MATERIAL PROVIDED below:
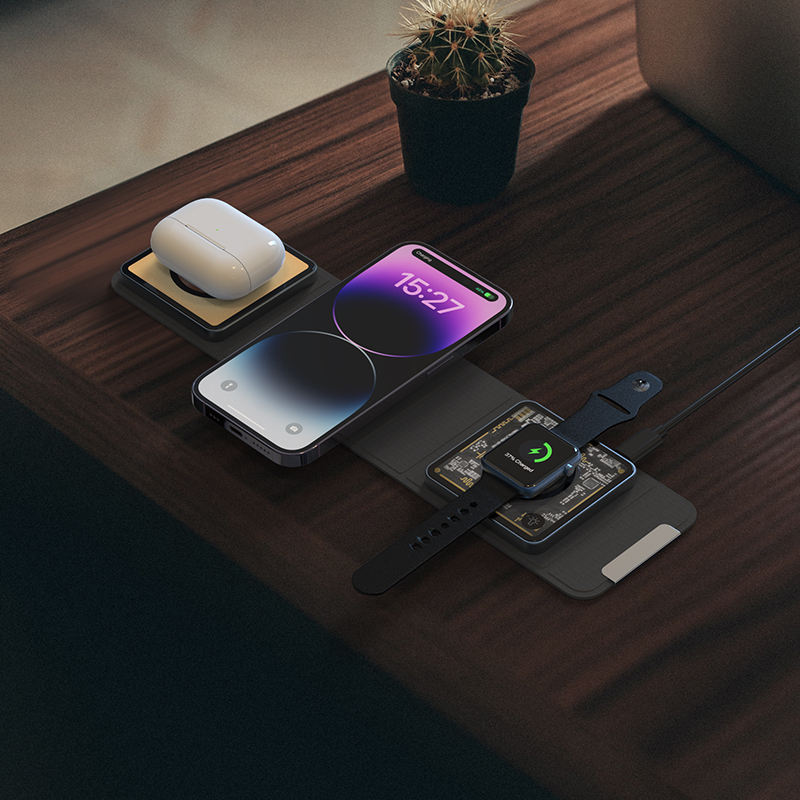 3-in-1 Foldable Magnetic Wireless Charging Station 15W Fast Charger for Phone Multifunctional Magnetic Wireless Charging Stand
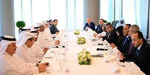 التقى الدكتور مصطفى مدبولي، رئيس الوزراء، ظهر اليوم، رابطة رجال الأعمال القطريين، برئاسة الشيخ فيصل بن قاسم آل ثاني، وذلك على هامش حضوره نيابة عن الرئيس عبدالفتاح السيسي، رئيس الجمهورية، فعاليات القمة الأولى لقادة التحالف العالمي لمكافحة الجوع والفقر، والتي تنعقد بالعاصمة القطرية الدوحة، وذلك بحضور السفير وليد الفقي، سفير مصر لدى قطر.
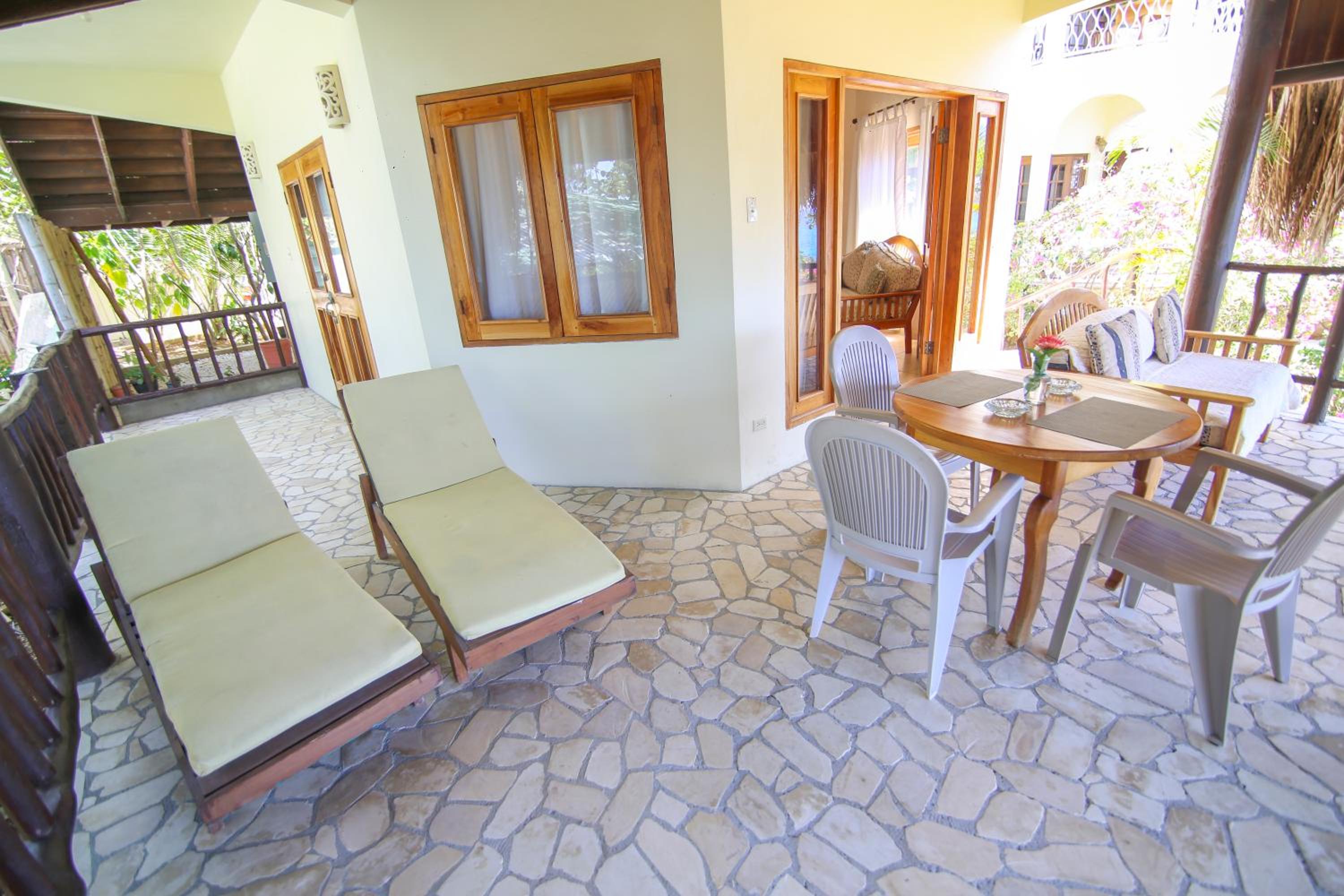We stayed in Aries. Second floor one bedroom. Only the bedroom was airconditioned, but it worked well and we slept under blankets. The view from the balcony was amazing.
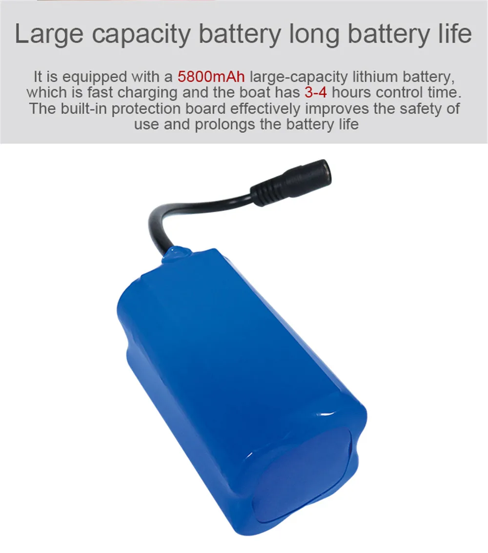 It is equipped with a 5800mAh large-capacity lithium battery, which is fast charging and the boat has 3-4 hours control time. The built-in protection board effectively improves the safety of use and prolongs the battery life;
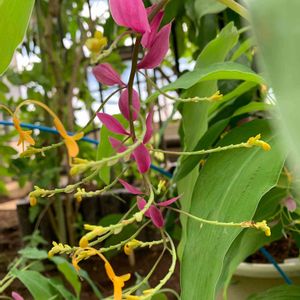 グロッバウィニティ 別名『シャムの舞姫』優雅に踊っていましたよ🎶ピンクは苞で先に付いてるの黄色部分が花です。雄しべが弓なりに上に伸び、先端に星⭐️がついているような姿が、優美でした。
End of MATERIAL PROVIDED.
> REQUIRED ACTION
Everything above from the line with "التقى الدكتور مصطفى" through the line with "We stayed in" should be retyped exactly, and nothing else; omit pictures.

> TASK RESULT
 التقى الدكتور مصطفى مدبولي، رئيس الوزراء، ظهر اليوم، رابطة رجال الأعمال القطريين، برئاسة الشيخ فيصل بن قاسم آل ثاني، وذلك على هامش حضوره نيابة عن الرئيس عبدالفتاح السيسي، رئيس الجمهورية، فعاليات القمة الأولى لقادة التحالف العالمي لمكافحة الجوع والفقر، والتي تنعقد بالعاصمة القطرية الدوحة، وذلك بحضور السفير وليد الفقي، سفير مصر لدى قطر.
We stayed in Aries. Second floor one bedroom. Only the bedroom was airconditioned, but it worked well and we slept under blankets. The view from the balcony was amazing.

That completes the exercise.